The survey showed that the majority of Australians are now laying the blame for this squarely at the feet of foreign investors with 59 per cent of respondents believing foreign investor activity is pushing up house prices the most.
Older respondents feel the strongest about the issue with 69 per cent of those aged 50 plus nominating this factor, compared to 54 per cent of Gen X, and 49 per cent of Gen Y.
Additionally, those in the most heavily populated states of NSW (60 per cent) and Victoria (63 per cent), where foreign investment has been a hot topic, feel this is the main issue compared to less populated states of WA (50 per cent), SA (54 per cent) and Queensland (56 per cent).
Although debate has raged for the last few years on the exact impact foreign investors actually have on the housing market, the government recently took some action in the 2017/2018 budget by restricting the number of homes for sale in any new development by half to foreign investors.
They also will slug a “ghost tax” on foreign buyers of up to $5,000 if they leave their purchased homes unoccupied or untenanted in a bid to alleviate pressure on tight rental markets.
Other factors Australians feel are increasing house prices are negative gearing incentives for property investors (41 per cent), and high costs like stamp duty and capital gains tax putting homeowners off selling and buying, thereby limiting homes for sale (35 per cent).
Meanwhile 32 per cent believe current low interest rates are merely encouraging more cashed up buyers into the market, driving up prices even further.
State Custodians’ general manager Joanna Pretty says the collective impact of so many forces at work is what’s really contributing to the housing affordability crisis, rather than any one thing in particular.
“It’s the perfect storm of numerous factors coming together which is shaping the market we are experiencing today,” she says.
“The budget changes will go some way to help regarding foreign investment levels, but then the other factors still exist.

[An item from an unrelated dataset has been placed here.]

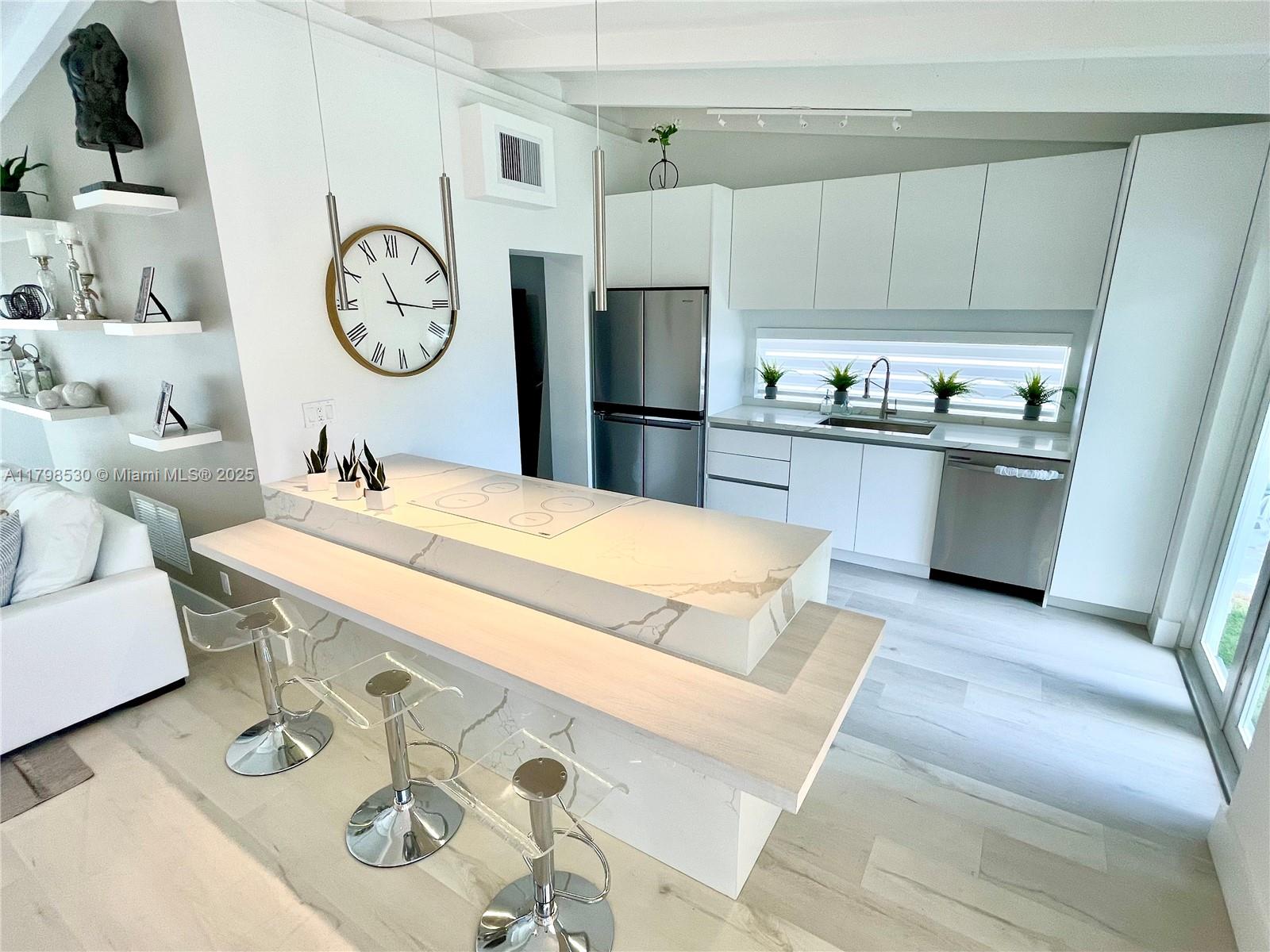 Beautiful waterfront home PROFESSIONALLY REMODELED in the community of Lauderdale Isles. 3bedr+3bathr, new pool,46ft private boat dock, irrigation system & concrete driveway. Dual AC new unit.Ample living & dining areas, Florida room, vaulted exposed beams ceilings. High quality finishes, closet cabinetry, new modern bathrooms. Lots of improvements. Impact glass on most windows, waterproof vinyl flooring. Kitchen w new tops & SS appliances, full size new washer & dryer. [[ Property is shown completely FURNISHED & DECORATED (furnishing & deco are for sale, for only $35,000) ]]. You will love it once you see every detail in this beautiful house.. No HOA. Centrally located close to beaches, airports, highways, downtown Ft Laud, HardRock. :: Recorded video tour available upon request ::

There is still a lot of work to be done regarding affordability in general.”
Other major concerns relate to population issues.

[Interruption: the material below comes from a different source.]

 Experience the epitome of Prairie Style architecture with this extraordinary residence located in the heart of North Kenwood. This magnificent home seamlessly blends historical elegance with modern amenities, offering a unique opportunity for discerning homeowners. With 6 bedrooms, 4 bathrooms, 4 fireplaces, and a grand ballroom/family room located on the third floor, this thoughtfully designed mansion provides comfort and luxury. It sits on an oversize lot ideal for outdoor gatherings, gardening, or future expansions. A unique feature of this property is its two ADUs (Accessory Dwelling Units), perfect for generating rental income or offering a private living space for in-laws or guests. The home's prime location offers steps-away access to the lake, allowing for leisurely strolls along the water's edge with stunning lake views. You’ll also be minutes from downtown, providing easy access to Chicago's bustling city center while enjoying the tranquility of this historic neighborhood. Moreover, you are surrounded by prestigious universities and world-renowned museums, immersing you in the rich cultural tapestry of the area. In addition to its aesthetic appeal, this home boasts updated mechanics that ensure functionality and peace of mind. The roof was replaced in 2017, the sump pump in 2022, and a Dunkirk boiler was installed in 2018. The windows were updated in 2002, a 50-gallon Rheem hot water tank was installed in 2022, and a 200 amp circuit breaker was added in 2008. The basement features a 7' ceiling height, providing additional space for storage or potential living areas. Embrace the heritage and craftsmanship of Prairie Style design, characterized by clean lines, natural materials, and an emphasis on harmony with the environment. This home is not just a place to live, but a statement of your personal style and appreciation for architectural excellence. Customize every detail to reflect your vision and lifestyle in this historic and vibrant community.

Some 42 per cent of people believe that over population in major cities is pushing up demand.
Another 28 per cent also feel there’s not enough overall housing stock on offer for the amount of people looking.
“It is definitely tough to buy in metro areas these days in the larger cities, especially if you’re struggling to make ends meet on your current wage,” acknowledges Ms Pretty.

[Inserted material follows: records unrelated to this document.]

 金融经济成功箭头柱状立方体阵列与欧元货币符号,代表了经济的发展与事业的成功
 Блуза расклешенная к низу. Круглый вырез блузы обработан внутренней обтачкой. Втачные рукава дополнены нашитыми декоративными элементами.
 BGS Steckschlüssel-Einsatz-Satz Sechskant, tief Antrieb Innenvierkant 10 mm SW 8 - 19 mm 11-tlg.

“There is currently a lot of competition with limited stock. Plus, the deposit requirements are significant, even if you’re an expert saver.
“Unfortunately buying your ‘forever home’ right off the bat is not always a feasible or quick option like it has been in the past.”
Ms Pretty says people who are competing for limited stock need to be open to suggestions on how to move forward.
“Look at different types of investing options. For example, if you don’t want to move from your neighbourhood, consider renting there and buy an investment property elsewhere. Make sure you’re constantly scouring real estate sites and be on good terms with local agents so they can alert you early on if something in your price range pops up.
“Also seek out advice from lending experts about areas you are interested in and how much you can borrow. Make sure your finances are sorted out prior to your search starting so you can truly understand your limit.”